Start of RECORDS FOR THIS TASK

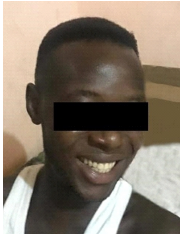
Figure 5: Patient, a month after post-op

The attending staff followed all the COVID-19 protocols, and the managing team was tested for COVID-19. However, one nurse tested positive and was made to self-isolate and started on appropriate medication.
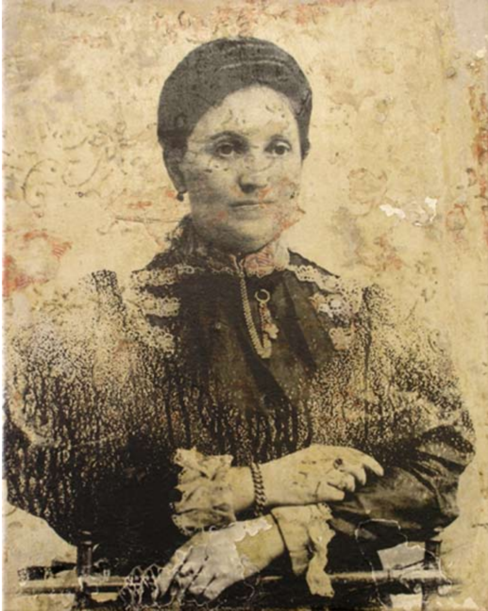
Neighbours: Nyár utca 4 IV - Budapest, 2010 Silver Gelatine Print on Mixed Media (Removed Wall Paintings) on Canvas, 40 x 50 cm
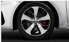
GT 18" Wheel
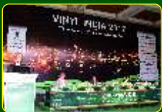
VINYL INDIA - 2017
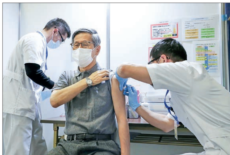
Shigeru Omi, the Japanese government's top COVID-19 adviser, receives his third shot of coronavirus vaccine at a mass vaccination centre in Tokyo's Otemachi area on 5 February 2022.

The booster shot vaccination rate in countries like Singapore and Britain is higher. Singapore's rate stood at 73 per cent as of Saturday. A study at Nagasaki University in southwestern Japan found that among those aged
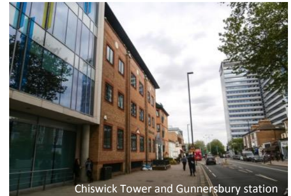
Chiswick Tower and Gunnersbury station

Recently refurbished offices 1,614 – 3,540 – 5,154 sq ft
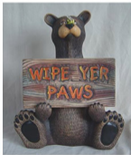
2662 Sitting Bear 14" 2663 Sign
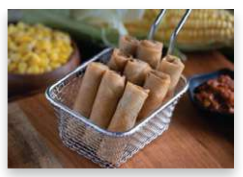
Corn Spring Roll
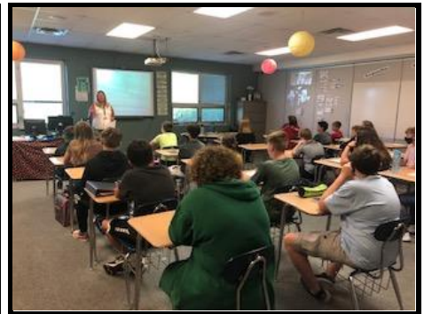
Williamston Middle School faculty, staff, and students on the first day back to school.
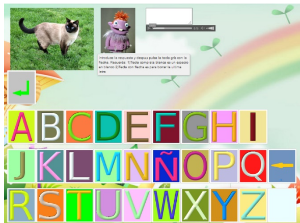
FIG. 1. Sample snapshot of Dr. Roland Source: [18].

In a previous study [18], we proved the benefits of using PCAs for education. However, methodologies for the design, integration, and evaluation of agents in the classroom are not found in the state of the art. For that reason, we proposed a methodology called MEDIE (stands for Methodology to Design) to design PCAs [18]. MEDIE was used to create the agent named Dr. Roland [18], which was the first agent to be used in Pre-Primary Education (see Fig. 1).
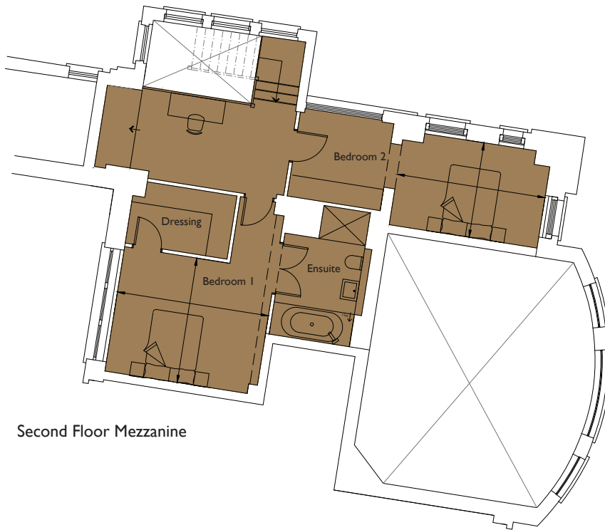
Second Floor Mezzanine
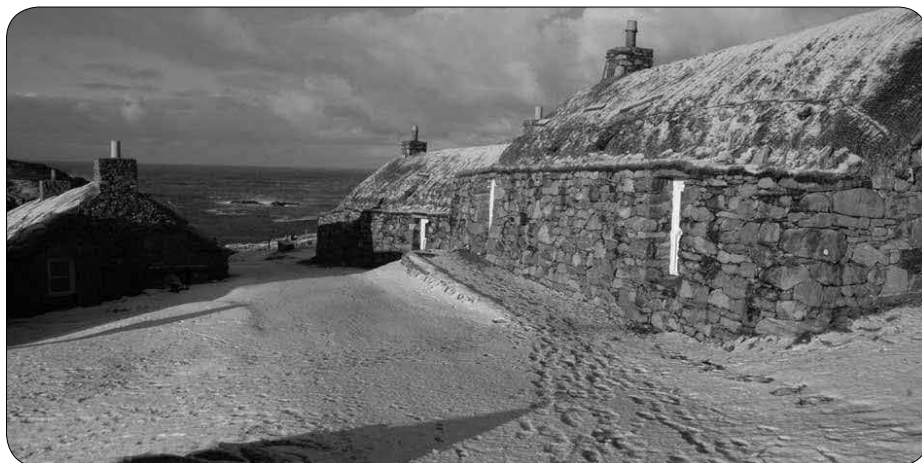
Gearrannan village in winter.

out to tourists looking for some solitude. If you are interested, a more detailed story and photographs will follow in another issue of Sidevalve News .
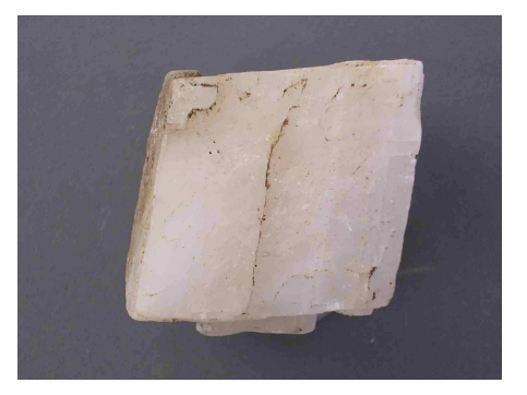
Calcite, (cleaved crystal) showing rhombohedral habit
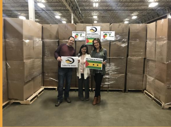
Our first shipment to Sao Tome & Principe!

and that many will place their faith in Jesus Christ.
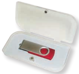
Magnetic Plastic Case
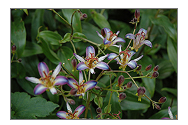
Taipei Silk Toad Lily flowers
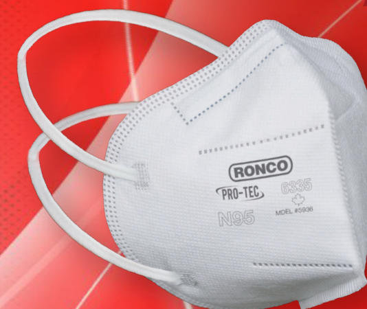
Particulate Filtering Medical N95 Respirator, Vertical Folded
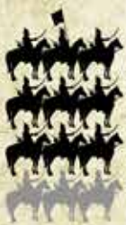
Boyar Sons sotnia
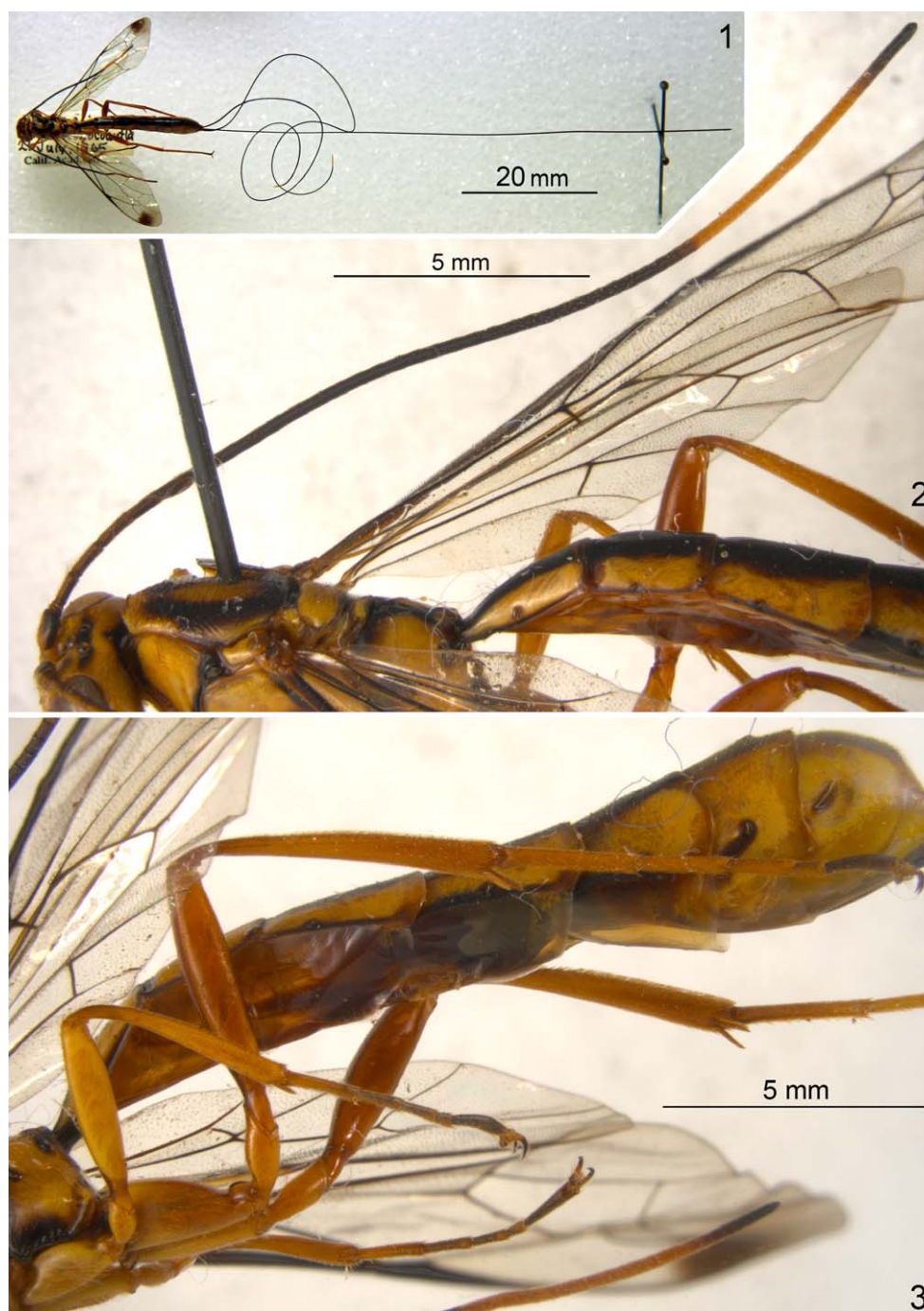
FIGURES 1–3. Megarhyssa gratiosa sp. nov., holotype, ♀: 1—habitus, dorsal; 2—antenna, dorso-lateral; 3—mid and hind legs, ventro-lateral.

hyaline fore wing with a conspicuous dark spot at apex of the radial cell (Fig. 8), and from M. verae , also in having 56 flagellomeres (only 36 flagellomeres in M. verae ) and a shorter malar space.
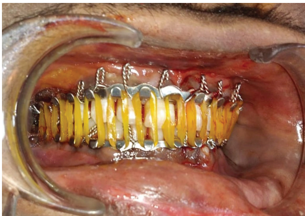
Fig. 2 Acceptable occlusion achieved with customized elastic bands in parasymphysis fracture of mandible.

The present technique is hassle free, does not require special expertise, and can be customized as per individual case requirement. Use of such customized elastics can be extrapolated to old fracture cases where heavy and prolonged traction forces are required to achieve proper reduction. In our opinion, these bands can withstand without rupture during the heavy traction forces.
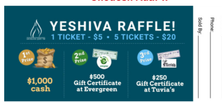
As in past years, Yeshiva K'tana Ohr Reuven's 14th annual raffle campaign will begin on Rosh Choder Adar 5785!

This year the boys can look forward once again to fantastic prizes as well as amazing class prizes! Each class will have the opportunity to experience everything from pizza parties to exciting class trips. As Purim approaches we want each and every Talmid to do their best collecting on behalf of the Yeshiva and make a Kiddush Hashem wherever they go!
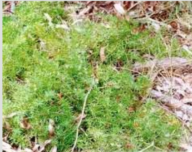
Above : Asparagus fern Right: Polygala myrtifolia
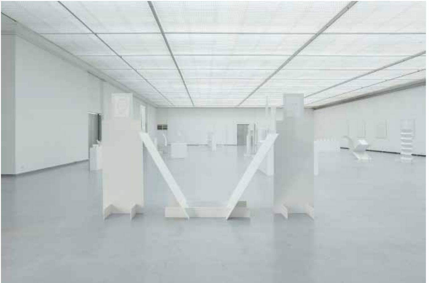
White Suprematism Installation view Contemporary Art Centre (CAC) Vilnius, Lithuania 2016
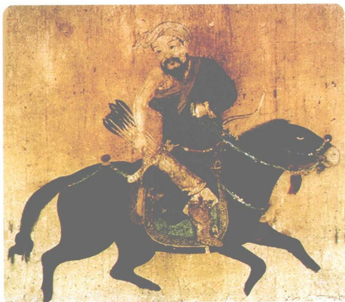
Mongol light cavalryman (15th to 16th century, Ming dynasty), by anonymous.
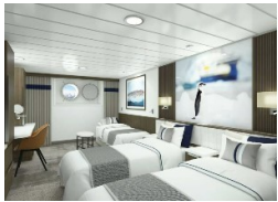
Aurora Stateroom Triple Share
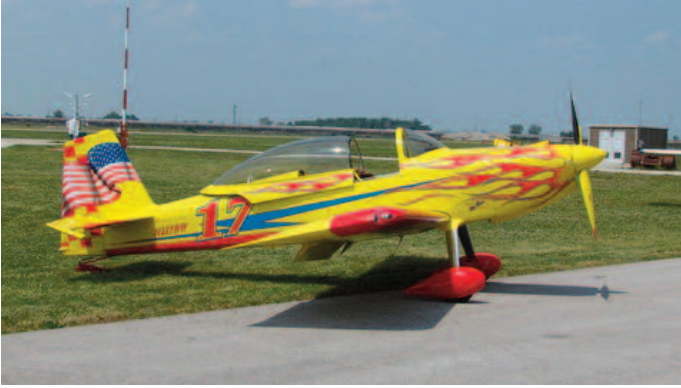
Metcalfe Airport
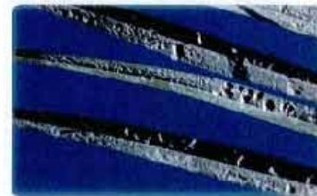
Underside of an infested palm frond.

*Tip: If you have many heavily infested plants, you can purchase professional strength, non-restricted use insecticides. This may be more cost effective compared to the homeowner version of systemic insecticides. Or hire a professional landscape pest control company with experience controlling whiteflies in the landscape.
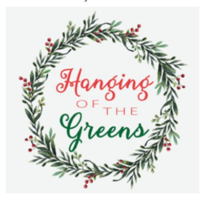
Morning Worship at 10 AM Churchwide Lunch after Worship
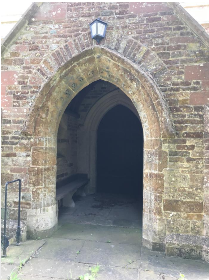
The North Door 14 th Century
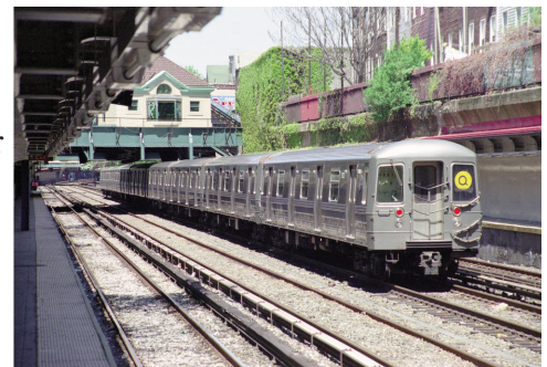
Illus. 15: Brighton Line at Cortelyou Road
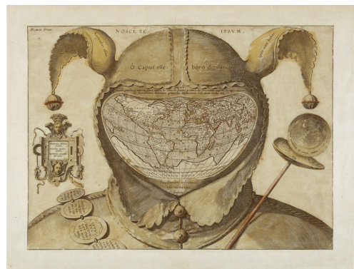
Figure 3: Fool’s Cap Map of the World.

One of the biggest mysteries in the history of western cartography is a rather sinister image offered by Fool’s Cap Map of the World, ca. 1580-1590 (cf. Figure 3). A possible interpretation of the map’s message is that “the world is a sombre, irrational and dangerous place, and that life on it is nasty, brutish and short. The world is, quite literally, a foolish place.” (Jacobs, 2014). And so, one may wonder if a “solution” to resolving numerous intricacies of our modern “post-truth” world, full of irrational and complex dependencies, should lie not within a novel mathematical framework, but rather in a new mindset.
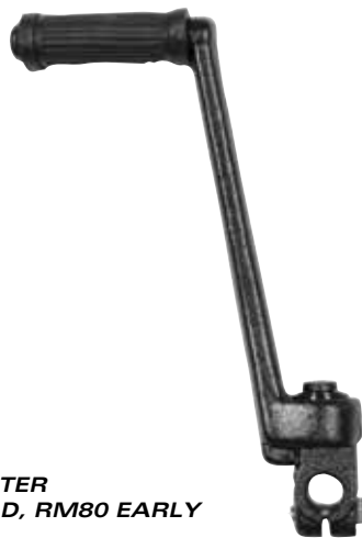
146-KDS SUZUKI KICKSTARTER DS80, EARLY ROAD, RM80 EARLY 13MM SPLINE
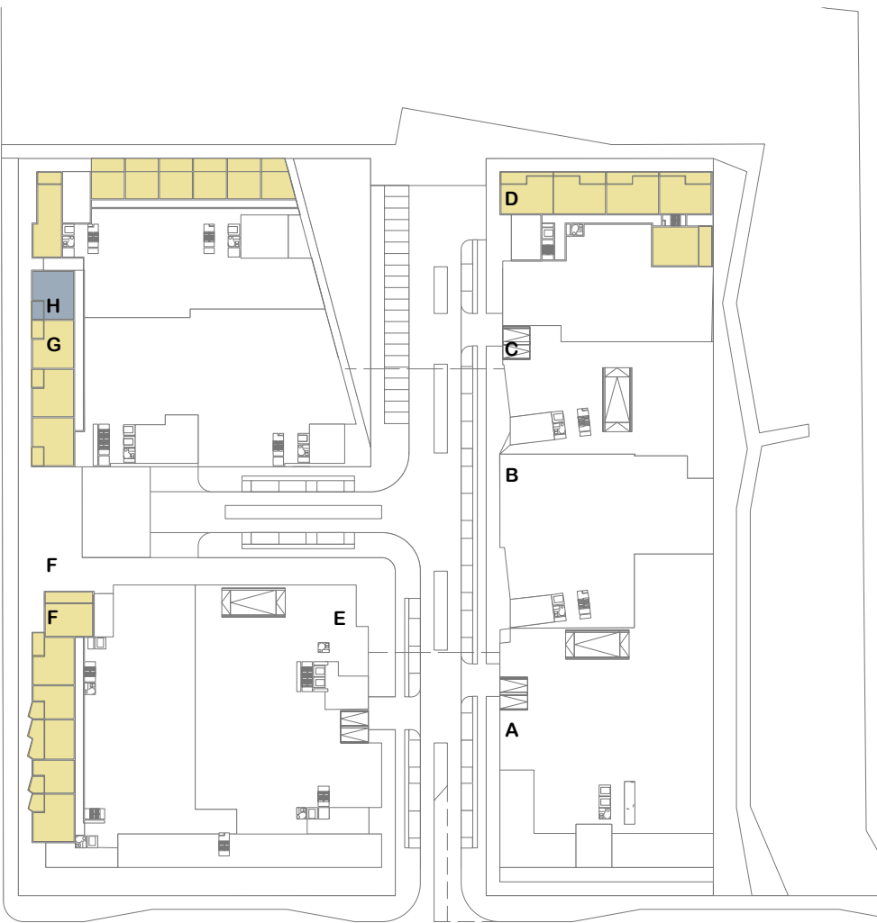
Lower Ground Level 01
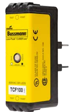
Indicating time-delay CUBEFuse.

End of RECORDS FOR THIS TASK

*TASK GOAL:*
The lines needed are those in the data above that hold the string "first"; copy each of them.

*RESULT:*
Williamston Middle School faculty, staff, and students on the first day back to school.
In a previous study [18], we proved the benefits of using PCAs for education. However, methodologies for the design, integration, and evaluation of agents in the classroom are not found in the state of the art. For that reason, we proposed a methodology called MEDIE (stands for Methodology to Design) to design PCAs [18]. MEDIE was used to create the agent named Dr. Roland [18], which was the first agent to be used in Pre-Primary Education (see Fig. 1).
Our first shipment to Sao Tome & Principe!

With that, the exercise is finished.